= Brief =
When you reach a picture, skip it, and retype every line below exactly.

= Stored data =

+ + +

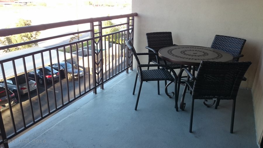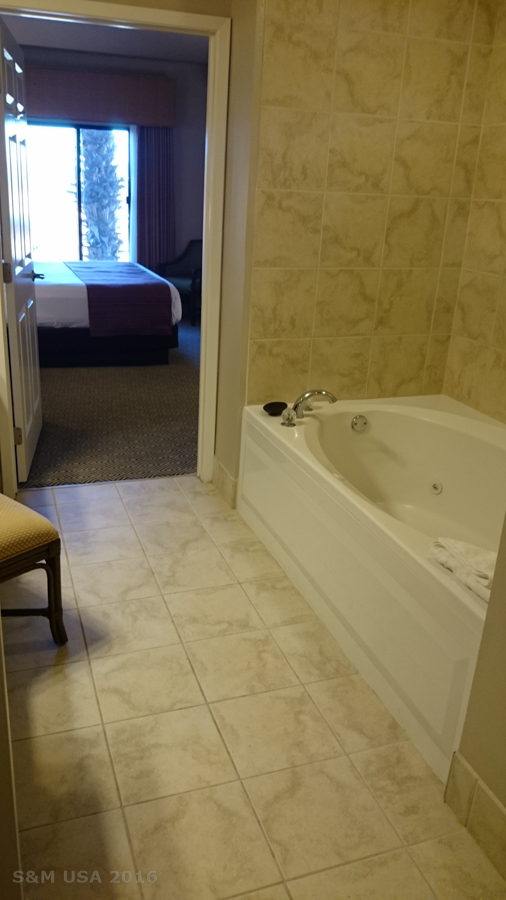 Das Tahiti Village liegt südlich des Flughafens zwischen der Interstate Kreuzung 15/215 und den Premium Outlets South. Auch bis zum Town Square mit dem schönen Whole Foods Supermarkt sind es nur 5 min mit dem Auto. On site befindet sich ein Denny´s und ein hoteleigenes Restaurant. Wir hatten die mittelgroße Bora Bora Suite mit voll ausgestatteter Küche, Wohn-/Esszimmer, Schlafzimmer, Balkon und Badezimmer mit Dampfdusche und Whirlpool. Die Zimmer sind gerade neu renoviert und mit neuen Lampen, Kissen etc. ausgestattet worden. Vom Balkon aus hatten wir einen schönen Ausblick Richtung Flughafen/Strip (wenn da nicht die blöden Werbeschilder wären).
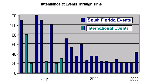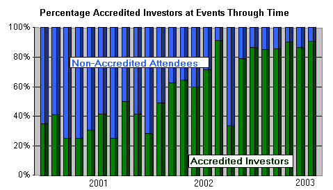 Investor Events: Since 2000 to year end 2002, we had over twenty four major events, with over 1100 attendees, of which over 540 were accredited investors. Since 2002, our events are smaller for better networking, focused in South Florida, and exclusive to 90% accredited investors, and a few select sponsors and entrepreneurs :
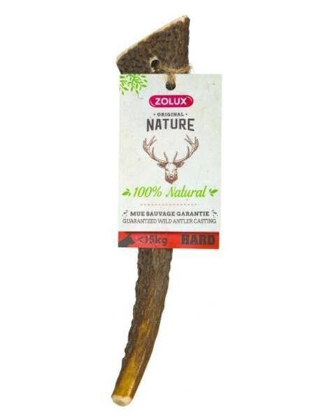 Celé jelenie paroží ZOLUX HARD je pre psov prirodzeným žuvacím prostriedkom. Parožie sa získava prirodzeným procesom zhadzovania paroží divokých jeleňov v Európe. Výrobok neobsahuje žiadne prísady, farbivá ani konzervačné látky, čo zaručuje vysokú kvalitu, ktorú ocení každý pes. Brúsené hrany paroží zaisťujú bezpečnosť pri žuvaní bez toho, aby poranili ňufák psa. Suchá kostná dreň je veľmi chutná, čo vášho psa povzbudí k tráveniu času a uspokojeniu jeho prirodzenej potreby žuť. Maškrta je vhodná pre psov s hmotnosťou do 15 kg.Rozmery
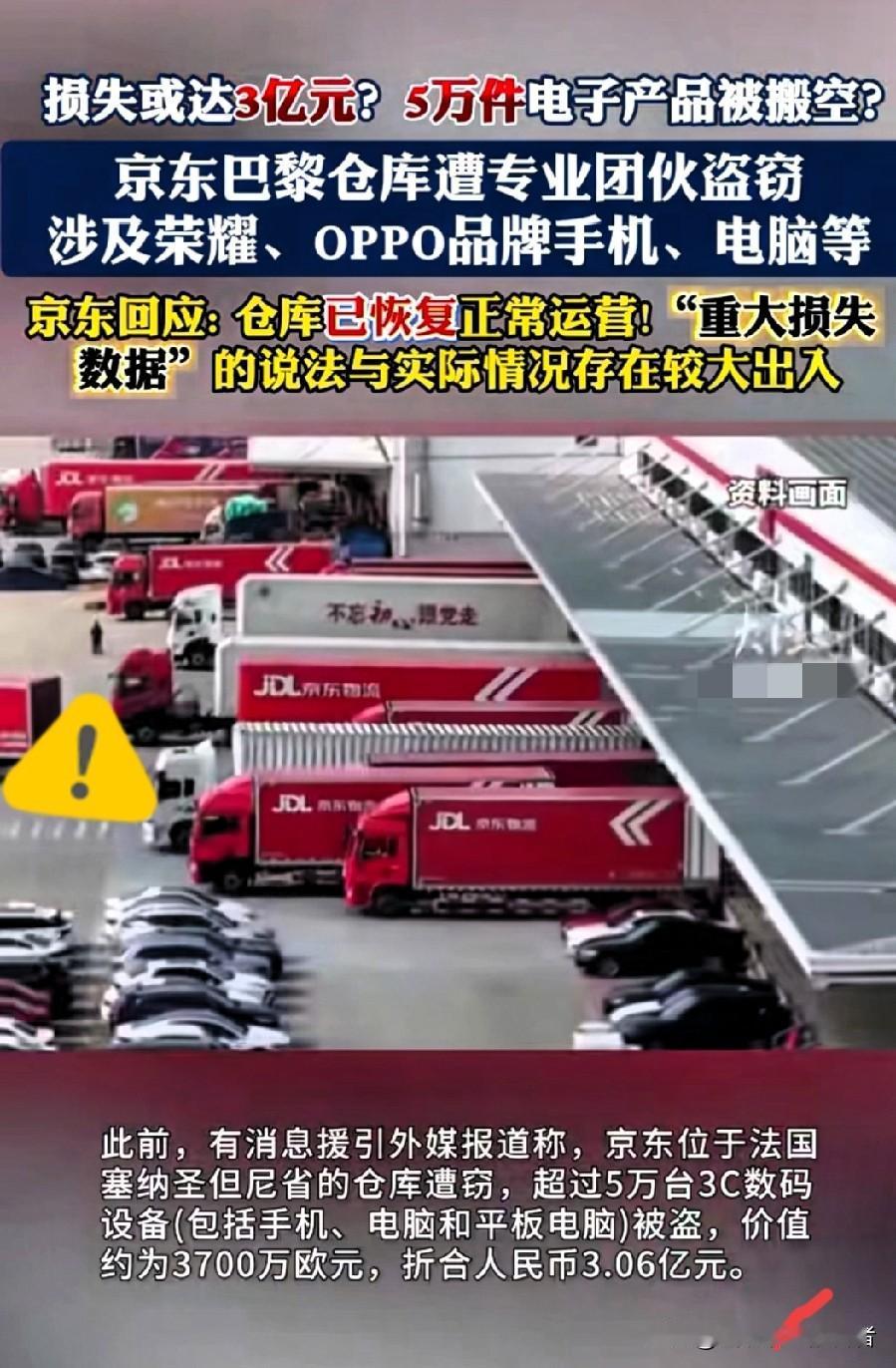 谁能想到,京东巴黎仓被盗案的真相,比网传的“3亿损失”更让人毛骨悚然! 官方最新回应来了: 网传被盗5万台3C设备、损失超3亿元的说法与实际出入较大,涉事仓库也已经恢复正常运营,核心物流履约没受长期影响。但比起被夸大的损失金额,这伙盗贼的作案手法,才是真正让所有仓储企业后背发凉的关键! 这哪里是普通盗窃,分明是有组织、有预谋的“精准猎杀”!他们早就摸透了法国物流行业的软肋——周末值守松懈,专门挑在21日周日晚到22日周一凌晨动手。为了万无一失,团伙提前两周就伪装成清洁人员混进仓库,把轮班规律、巡逻路线、安防死角摸得一清二楚。 作案时更是步步惊心:先切断外围供电箱让监控和警报系统瘫痪,再用液压钳暴力破坏三处应急入口,全程掐着巡逻间隔的27分钟黄金时间高效操作。更离谱的是,他们还带着RFID写入器,直接篡改货物托盘标签,让仓库系统误以为“货物正常出库”,甚至连运货的货车都伪造了京东物流的车牌,整套流程行云流水,专业到让人咋舌! 目前法国警方已经以“有组织盗窃”立案,专门的打击团伙犯罪大队也介入侦办。这件事也给所有跨境仓储企业敲响了警钟:海外仓安防绝不能有半点侥幸心理!周末值守力量薄弱、应急入口防护不到位、系统标签容易被篡改……这些看似不起眼的漏洞,都可能成为专业盗贼的突破口。建议相关企业赶紧升级安防系统,增加夜间和周末的巡逻频次,给应急入口加装更坚固的防护装置,同时完善货物出库的双重核验机制,从源头堵住风险。 毕竟,比起事后止损,提前设防才是王道! 你觉得海外仓库还能从哪些方面升级安防,才能防住这种高智商盗窃团伙?评论区聊聊!

+ + +

= Task output =
 Das Tahiti Village liegt südlich des Flughafens zwischen der Interstate Kreuzung 15/215 und den Premium Outlets South. Auch bis zum Town Square mit dem schönen Whole Foods Supermarkt sind es nur 5 min mit dem Auto. On site befindet sich ein Denny´s und ein hoteleigenes Restaurant. Wir hatten die mittelgroße Bora Bora Suite mit voll ausgestatteter Küche, Wohn-/Esszimmer, Schlafzimmer, Balkon und Badezimmer mit Dampfdusche und Whirlpool. Die Zimmer sind gerade neu renoviert und mit neuen Lampen, Kissen etc. ausgestattet worden. Vom Balkon aus hatten wir einen schönen Ausblick Richtung Flughafen/Strip (wenn da nicht die blöden Werbeschilder wären).
 Investor Events: Since 2000 to year end 2002, we had over twenty four major events, with over 1100 attendees, of which over 540 were accredited investors. Since 2002, our events are smaller for better networking, focused in South Florida, and exclusive to 90% accredited investors, and a few select sponsors and entrepreneurs :
 Celé jelenie paroží ZOLUX HARD je pre psov prirodzeným žuvacím prostriedkom. Parožie sa získava prirodzeným procesom zhadzovania paroží divokých jeleňov v Európe. Výrobok neobsahuje žiadne prísady, farbivá ani konzervačné látky, čo zaručuje vysokú kvalitu, ktorú ocení každý pes. Brúsené hrany paroží zaisťujú bezpečnosť pri žuvaní bez toho, aby poranili ňufák psa. Suchá kostná dreň je veľmi chutná, čo vášho psa povzbudí k tráveniu času a uspokojeniu jeho prirodzenej potreby žuť. Maškrta je vhodná pre psov s hmotnosťou do 15 kg.Rozmery
 谁能想到,京东巴黎仓被盗案的真相,比网传的“3亿损失”更让人毛骨悚然! 官方最新回应来了: 网传被盗5万台3C设备、损失超3亿元的说法与实际出入较大,涉事仓库也已经恢复正常运营,核心物流履约没受长期影响。但比起被夸大的损失金额,这伙盗贼的作案手法,才是真正让所有仓储企业后背发凉的关键! 这哪里是普通盗窃,分明是有组织、有预谋的“精准猎杀”!他们早就摸透了法国物流行业的软肋——周末值守松懈,专门挑在21日周日晚到22日周一凌晨动手。为了万无一失,团伙提前两周就伪装成清洁人员混进仓库,把轮班规律、巡逻路线、安防死角摸得一清二楚。 作案时更是步步惊心:先切断外围供电箱让监控和警报系统瘫痪,再用液压钳暴力破坏三处应急入口,全程掐着巡逻间隔的27分钟黄金时间高效操作。更离谱的是,他们还带着RFID写入器,直接篡改货物托盘标签,让仓库系统误以为“货物正常出库”,甚至连运货的货车都伪造了京东物流的车牌,整套流程行云流水,专业到让人咋舌! 目前法国警方已经以“有组织盗窃”立案,专门的打击团伙犯罪大队也介入侦办。这件事也给所有跨境仓储企业敲响了警钟:海外仓安防绝不能有半点侥幸心理!周末值守力量薄弱、应急入口防护不到位、系统标签容易被篡改……这些看似不起眼的漏洞,都可能成为专业盗贼的突破口。建议相关企业赶紧升级安防系统,增加夜间和周末的巡逻频次,给应急入口加装更坚固的防护装置,同时完善货物出库的双重核验机制,从源头堵住风险。 毕竟,比起事后止损,提前设防才是王道! 你觉得海外仓库还能从哪些方面升级安防,才能防住这种高智商盗窃团伙?评论区聊聊!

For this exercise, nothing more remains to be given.